The United Nations (UN) has called for a "full and independent investigation" following reports that at least 101 people have been killed in clashes between soldiers and Kamuina Nsapu, a local militia in the central province of Kasai in the Democratic Republic of Congo (DRC).
The Kamuina Nsapu militia is accused of recruiting and using child soldiers while targeting symbols and institutions of state authority in Kasai-Central province.
The UN peacekeeping mission to DRC (MONUSCO) also reported the disproportionate use of force by government security forces in their response to the situation.
The latest violence in the Dibaya area of Kasai-Central province allegedly involved Congolese troops – known as FARDC – who "opened fire indiscriminately" when they encountered militia members described as wielding machetes and spears between 9 and 13 February.
On 14 February, the UN human rights office alleged the Congolese troops fired indiscriminately with machine guns at members of the Kamwina Nsapu group.

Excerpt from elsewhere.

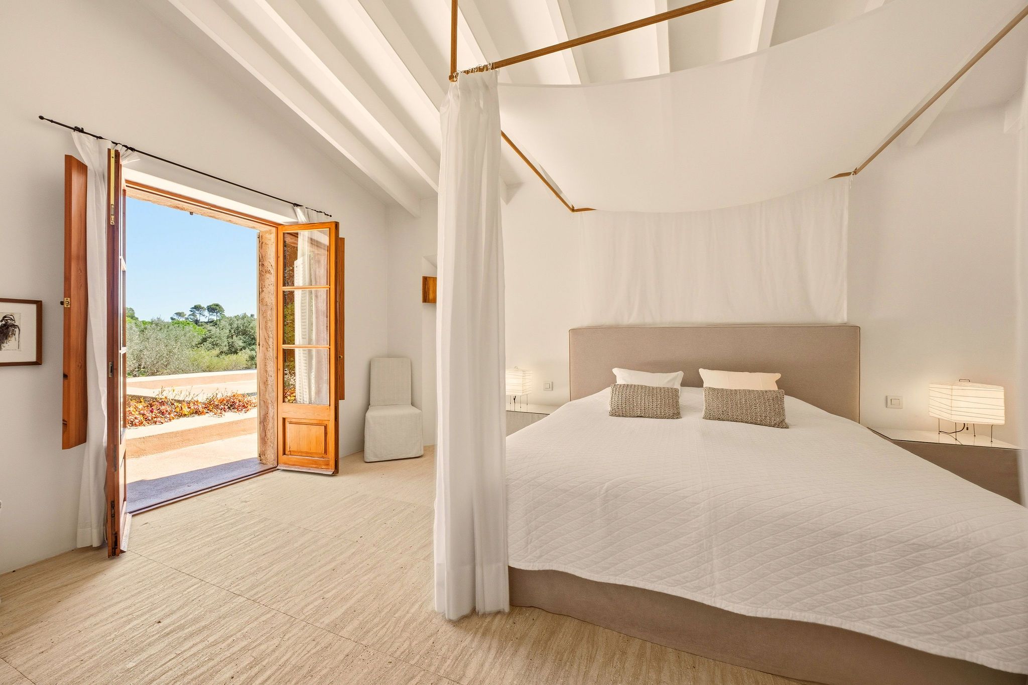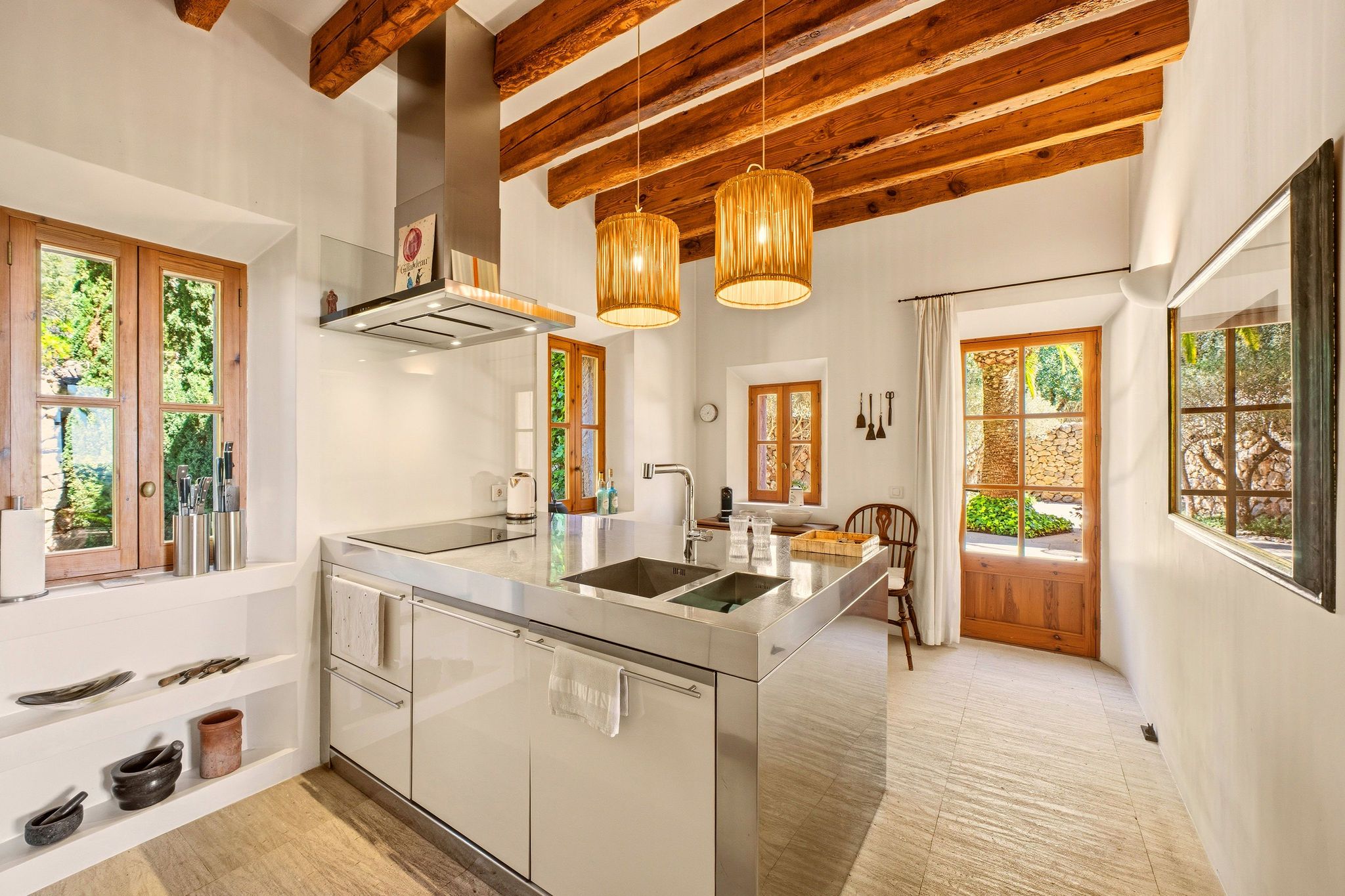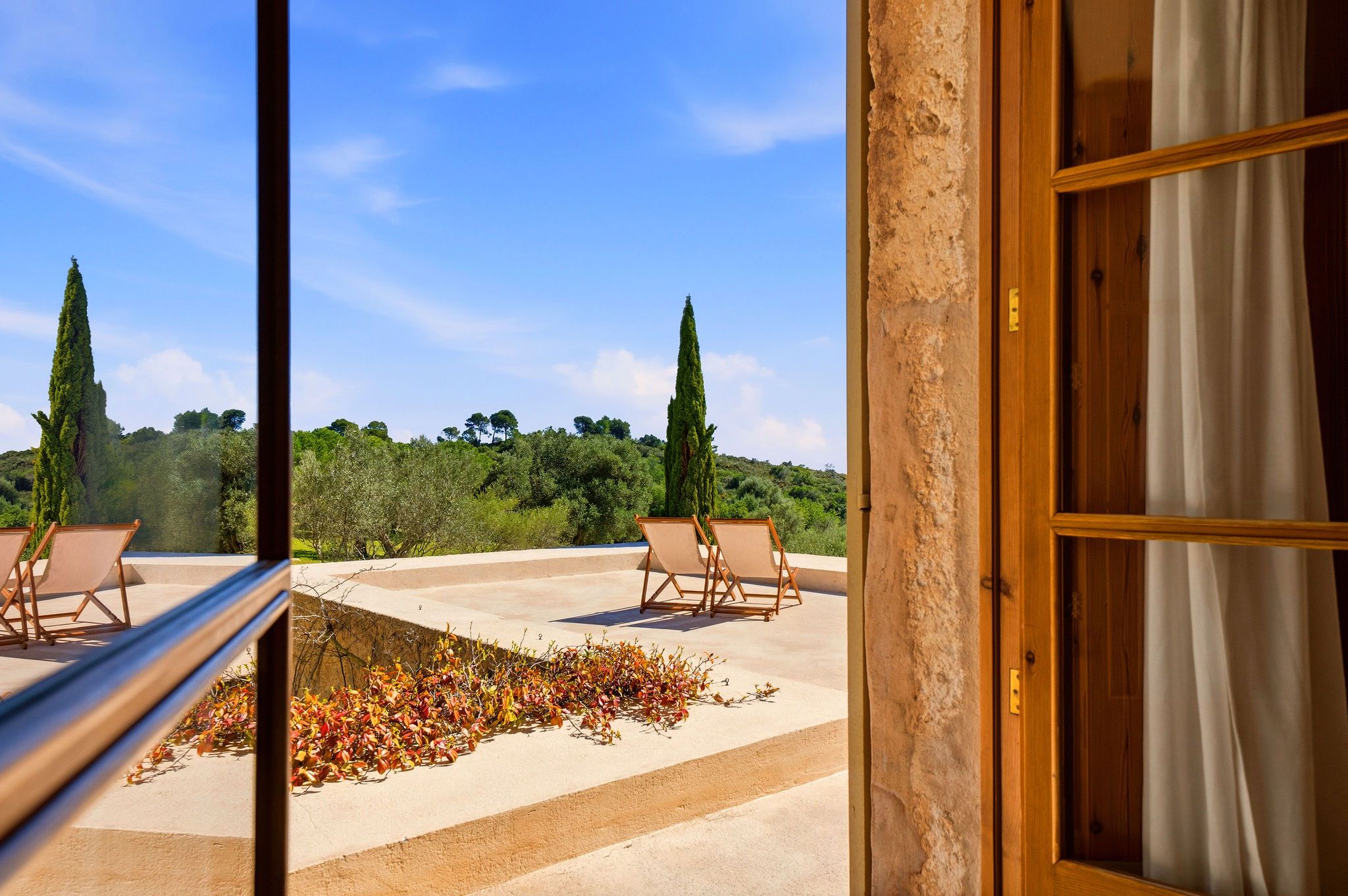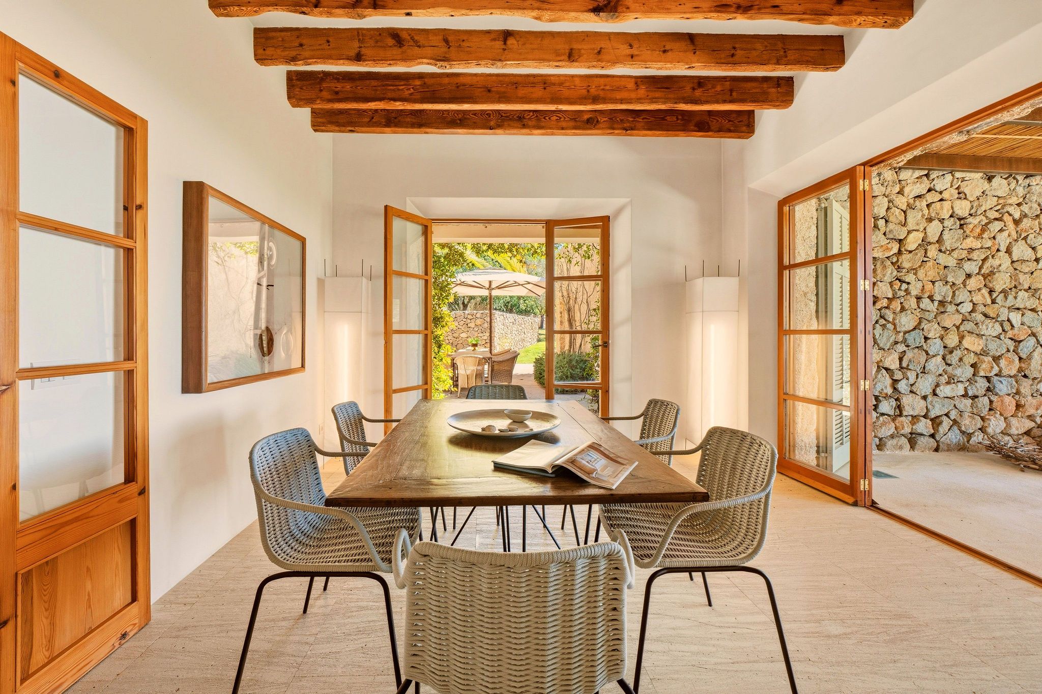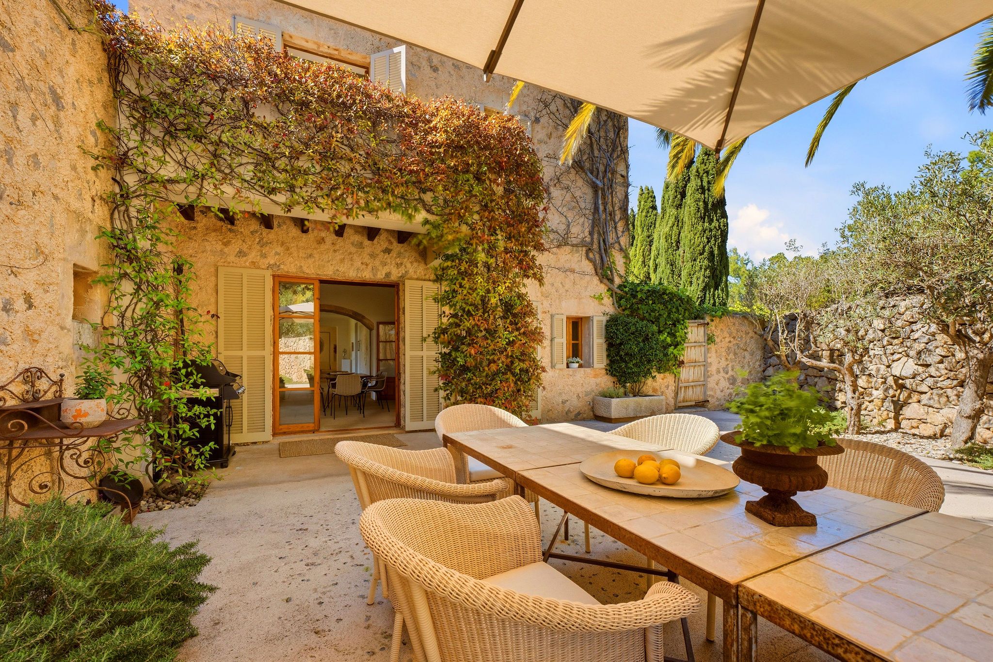 Este exclusivo oasis de armonía encanta con una ingeniosa simbiosis de tradición constructiva histórica y estética purista. Situado en una meseta elevada, se abre al sur una impresionante vista panorámica de 270 grados sobre el paisaje salvaje y romántico hasta el mar. El jardín paisajista en terrazas, rodeado de muros de piedra natural centenarios, ofrece numerosos lugares para sentarse y relajarse en total intimidad. La piscina de agua de mar de 56 m² con zona de estar cubierta se encuentra en una terraza ligeramente alejada, debajo de la casa. Sería fácil montar un gimnasio junto a la piscina. La casa de dos plantas con 490 m² de espacio habitable fue construida en 2006 - inspirada por un conocido arquitecto mallorquín - y ampliamente renovada y actualizada técnicamente en 2016 y 2023. Una antigua puerta de madera maciza conduce al alto hall de entrada con elegante escalera y galería. En la planta baja, una gran sala de estar y comedor de planta abierta se abre con una terraza cubierta que recorre toda la longitud de la casa y maravillosas vistas. Otro espacioso salón ofrece una acogedora zona de estar frente a una chimenea abierta con ventanas panorámicas. A la derecha, un edificio independiente con una gran suite de invitados y cuarto de baño se accede a través de una terraza. Se utiliza como oficina, pero puede convertirse fácilmente de nuevo o incluso convertirse en dos habitaciones de invitados. En la planta superior hay una suite principal con terraza panorámica y un dormitorio, cada uno con vestidor y baño en suite. A la izquierda de la casa hay otra suite de invitados con acceso independiente y terraza. Las características de esta propiedad con su ambiente único y relajante incluyen un gran sótano con preparación para una zona de spa y bodega, calefacción por suelo radiante, aire acondicionado en las cuatro suites, pozo, ósmosis de agua potable, dos cisternas y un sistema de electricidad autosuficiente con paneles solares y generador.

Quoting information from local colleagues and unspecified "sources" in the region, UN spokeswoman Liz Throssell confirmed that 39 women were among the 101 victims.
Throssell said the rights office urged for a "full and independent" inquiry, and urged FARDC forces to show restraint.
The militia was established by a chef coutumier – a traditional leader – from Tshimbulu town called Kamuina Nsapu.
The leader was killed by police in August 2016 in clashes during which 19 were reported killed, including 11 policemen.
The militiamen are now reportedly avenging Kamuina's death by carrying out attacks against civilians in the region.